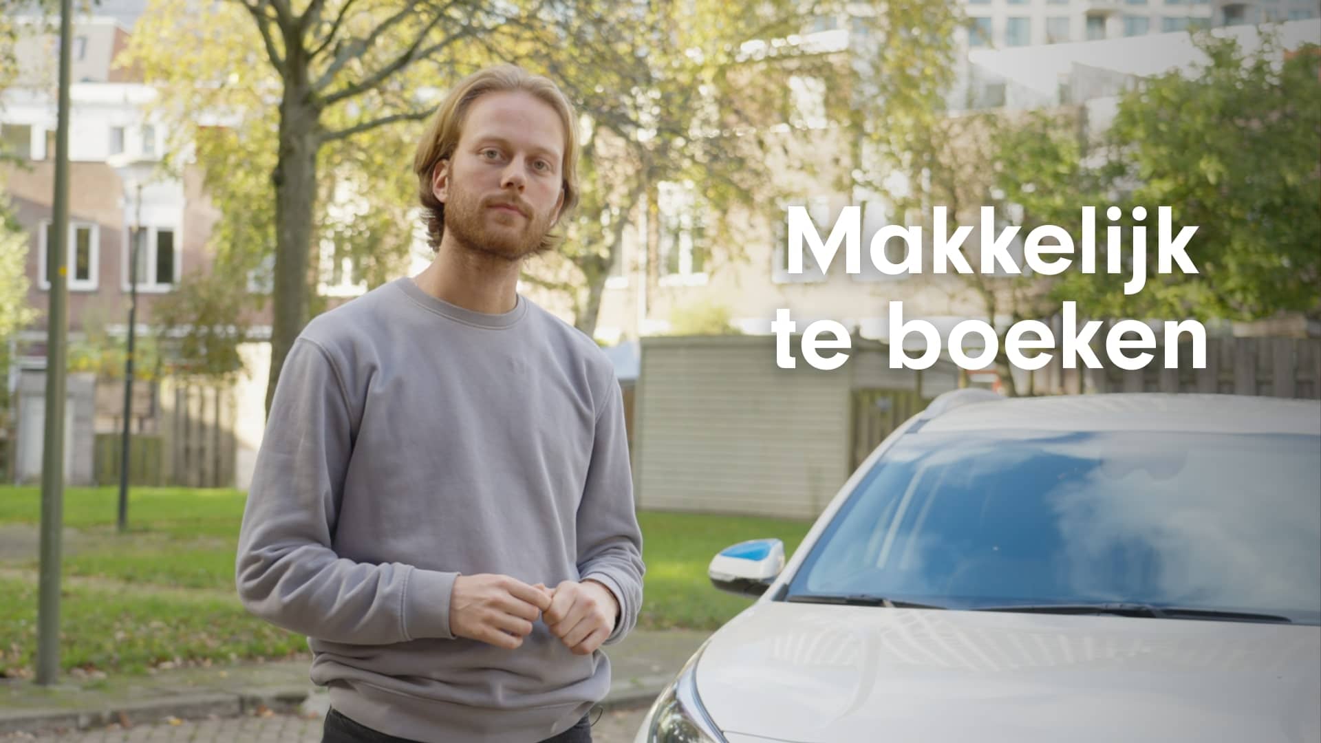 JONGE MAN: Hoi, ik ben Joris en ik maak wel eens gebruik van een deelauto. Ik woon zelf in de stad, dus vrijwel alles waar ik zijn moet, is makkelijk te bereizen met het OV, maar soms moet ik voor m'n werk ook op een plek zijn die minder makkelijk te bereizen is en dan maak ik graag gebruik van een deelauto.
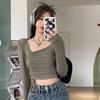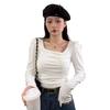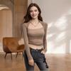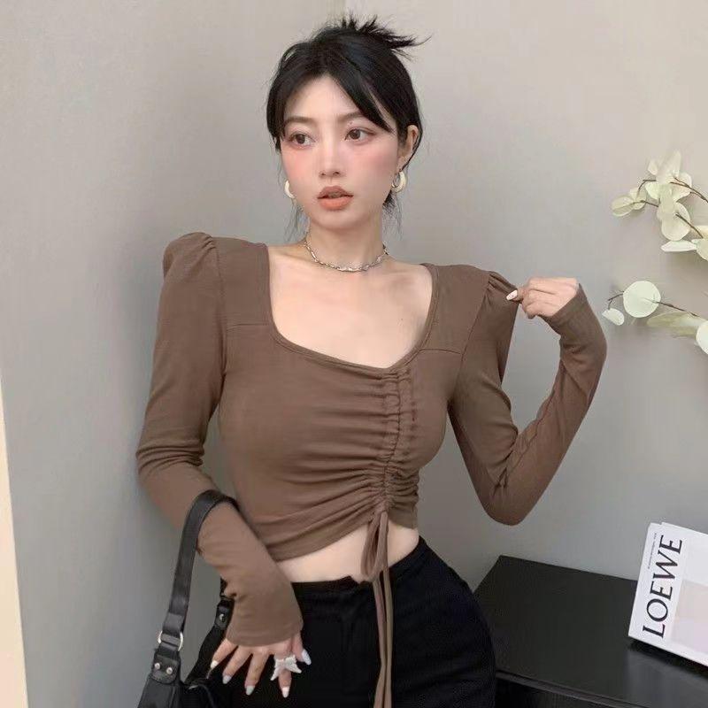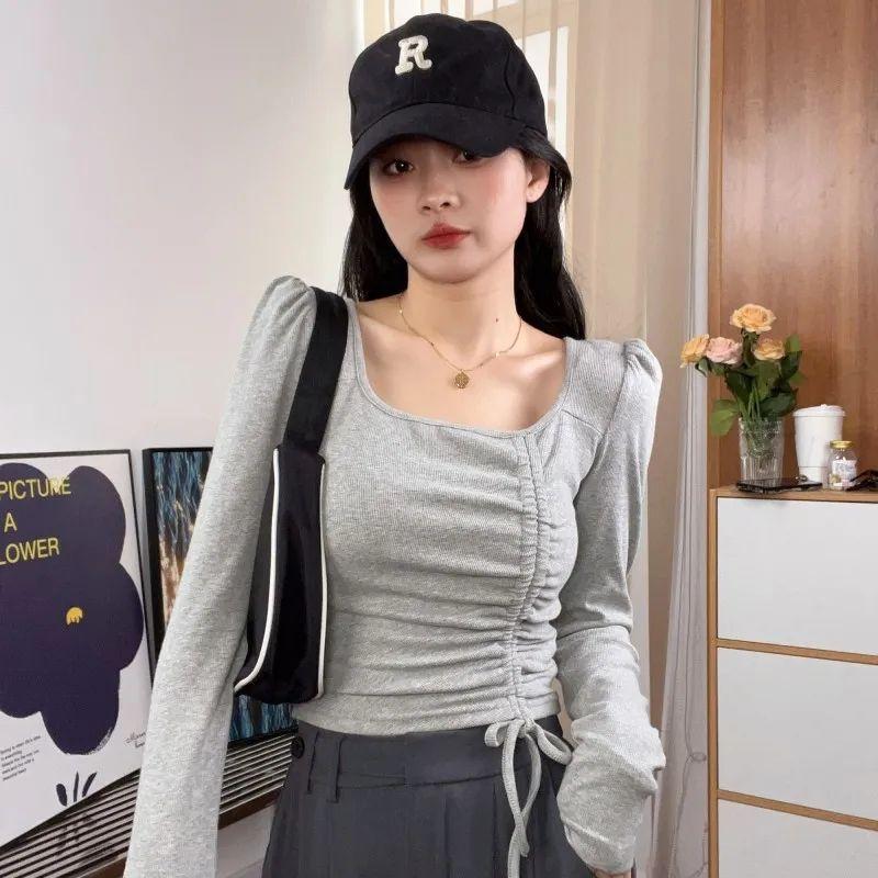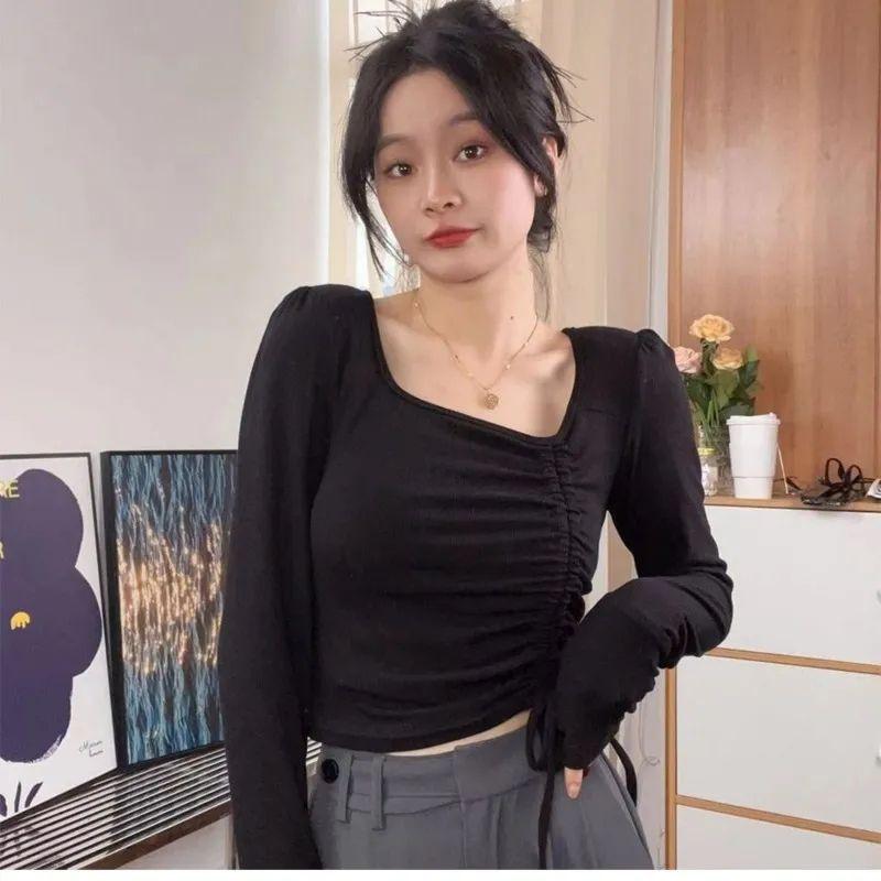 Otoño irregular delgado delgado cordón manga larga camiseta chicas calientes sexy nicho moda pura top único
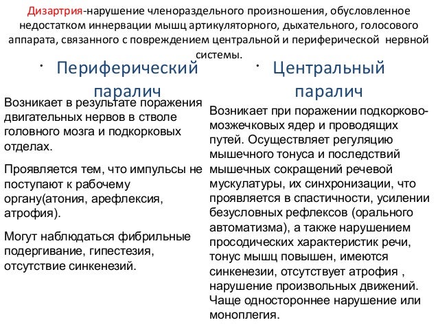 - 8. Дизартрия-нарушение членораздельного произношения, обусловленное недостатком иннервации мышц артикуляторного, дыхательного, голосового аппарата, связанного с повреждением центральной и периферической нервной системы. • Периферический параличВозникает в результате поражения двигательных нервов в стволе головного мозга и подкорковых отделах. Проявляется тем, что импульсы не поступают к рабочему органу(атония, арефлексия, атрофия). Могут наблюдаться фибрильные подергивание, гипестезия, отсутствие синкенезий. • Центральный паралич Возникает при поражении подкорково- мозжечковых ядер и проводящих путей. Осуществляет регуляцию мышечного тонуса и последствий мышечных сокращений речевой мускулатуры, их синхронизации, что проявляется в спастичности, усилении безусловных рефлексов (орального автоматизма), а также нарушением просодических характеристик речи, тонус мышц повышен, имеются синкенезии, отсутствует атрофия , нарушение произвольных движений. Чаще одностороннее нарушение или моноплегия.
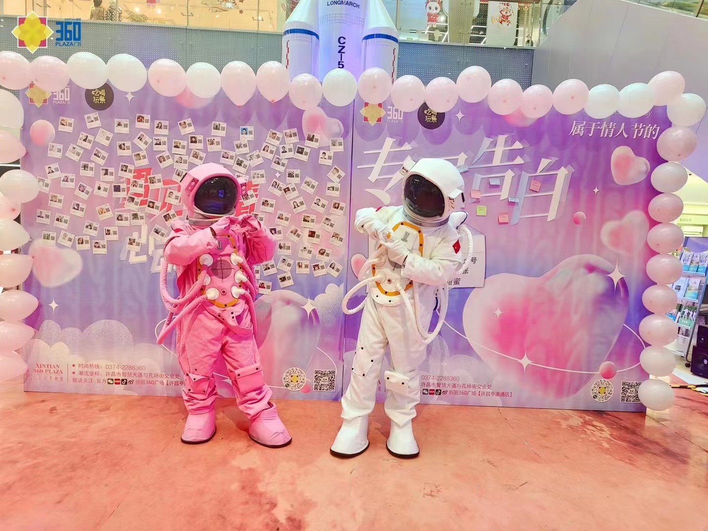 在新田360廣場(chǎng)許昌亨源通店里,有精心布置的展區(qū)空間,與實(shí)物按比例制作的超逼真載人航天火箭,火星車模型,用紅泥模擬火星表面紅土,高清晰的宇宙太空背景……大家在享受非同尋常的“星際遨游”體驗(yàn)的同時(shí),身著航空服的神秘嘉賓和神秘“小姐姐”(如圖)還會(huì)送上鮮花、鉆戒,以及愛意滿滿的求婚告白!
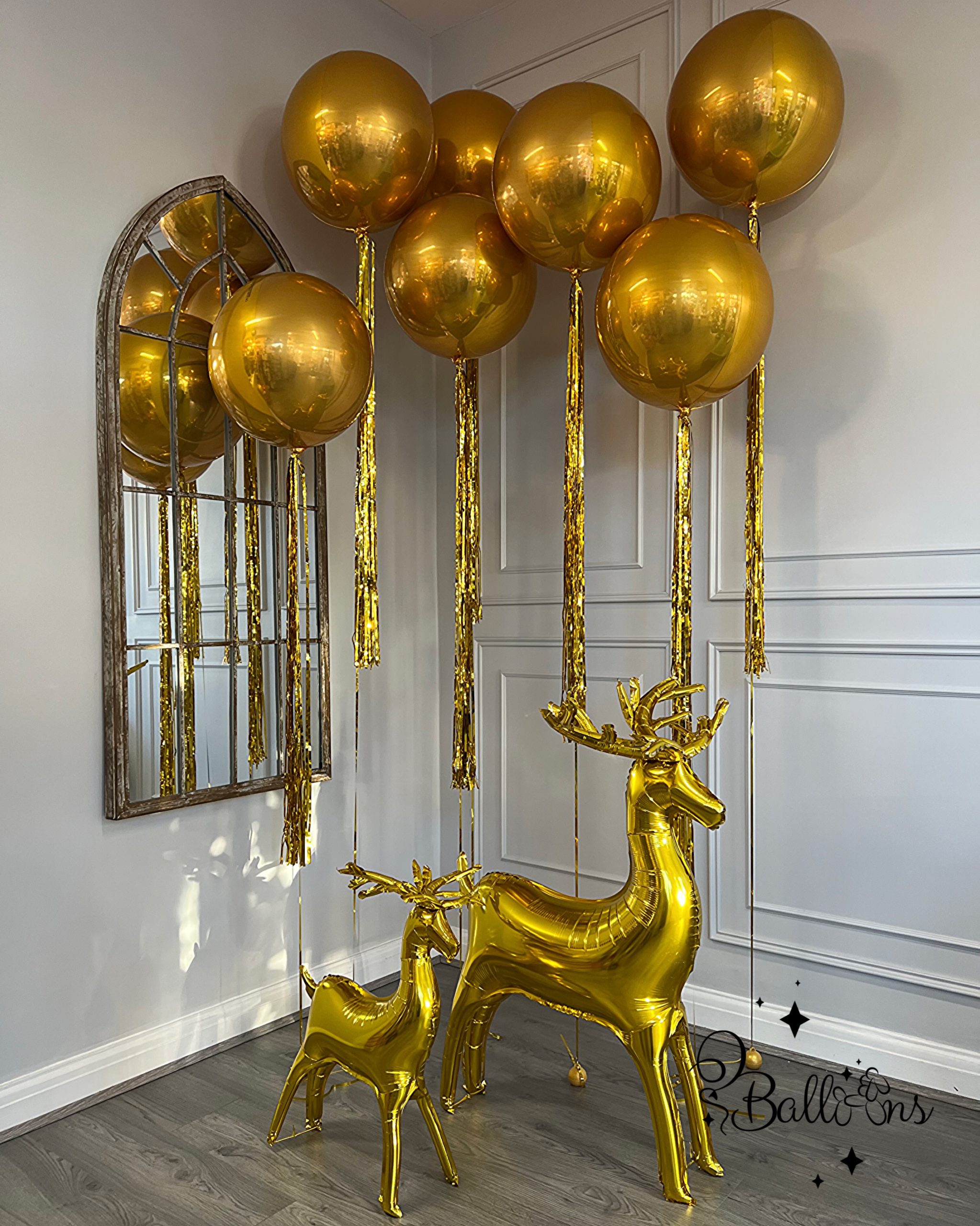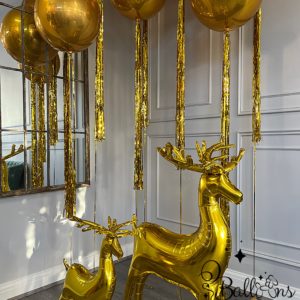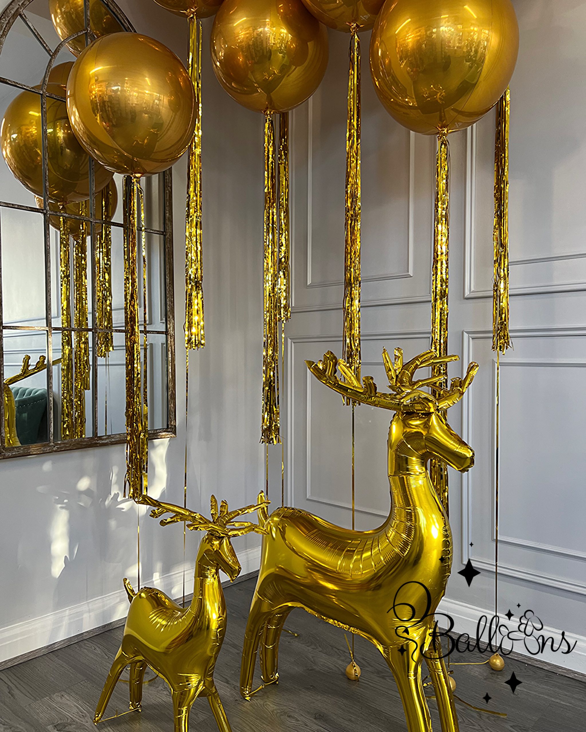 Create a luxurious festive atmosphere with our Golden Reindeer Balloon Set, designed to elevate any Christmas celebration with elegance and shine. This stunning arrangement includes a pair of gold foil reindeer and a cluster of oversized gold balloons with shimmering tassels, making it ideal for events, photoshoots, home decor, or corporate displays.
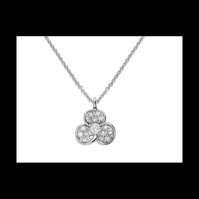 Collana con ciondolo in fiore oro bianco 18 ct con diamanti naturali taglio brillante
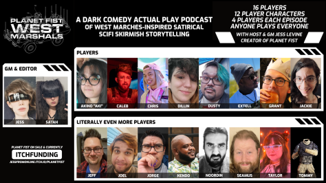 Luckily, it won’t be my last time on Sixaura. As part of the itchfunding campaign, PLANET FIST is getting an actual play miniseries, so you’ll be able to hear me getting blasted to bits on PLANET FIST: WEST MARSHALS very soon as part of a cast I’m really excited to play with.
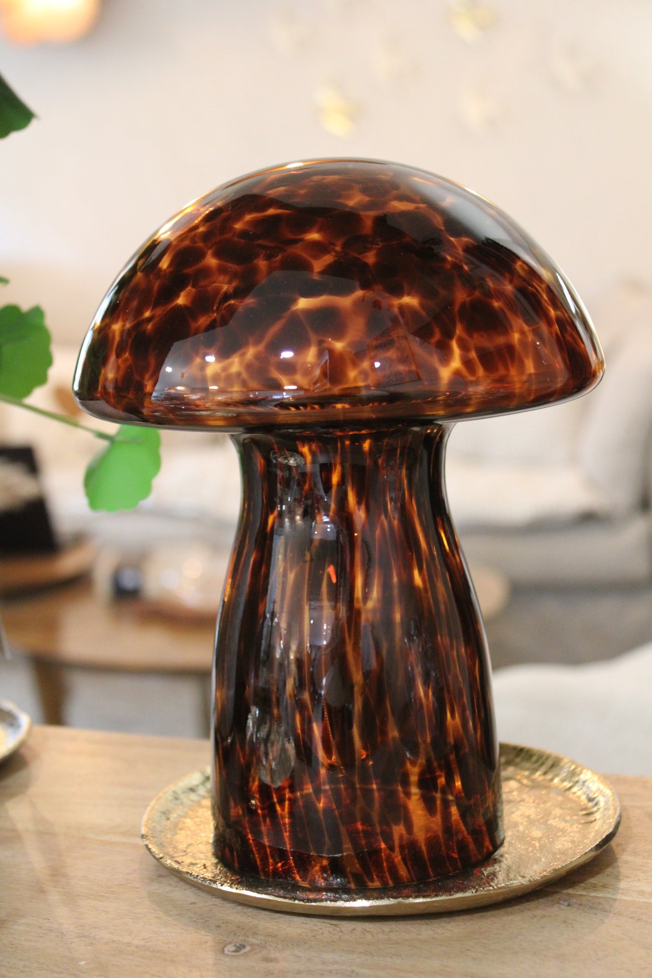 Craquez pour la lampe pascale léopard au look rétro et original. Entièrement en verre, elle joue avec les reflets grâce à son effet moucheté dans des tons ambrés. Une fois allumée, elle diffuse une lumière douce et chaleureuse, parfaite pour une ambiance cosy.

==*==

Your reply should be the lines of the records from the start through the line with "Otoño irregular delgado", copied word for word, pictures omitted.

 JONGE MAN: Hoi, ik ben Joris en ik maak wel eens gebruik van een deelauto. Ik woon zelf in de stad, dus vrijwel alles waar ik zijn moet, is makkelijk te bereizen met het OV, maar soms moet ik voor m'n werk ook op een plek zijn die minder makkelijk te bereizen is en dan maak ik graag gebruik van een deelauto.
 Otoño irregular delgado delgado cordón manga larga camiseta chicas calientes sexy nicho moda pura top único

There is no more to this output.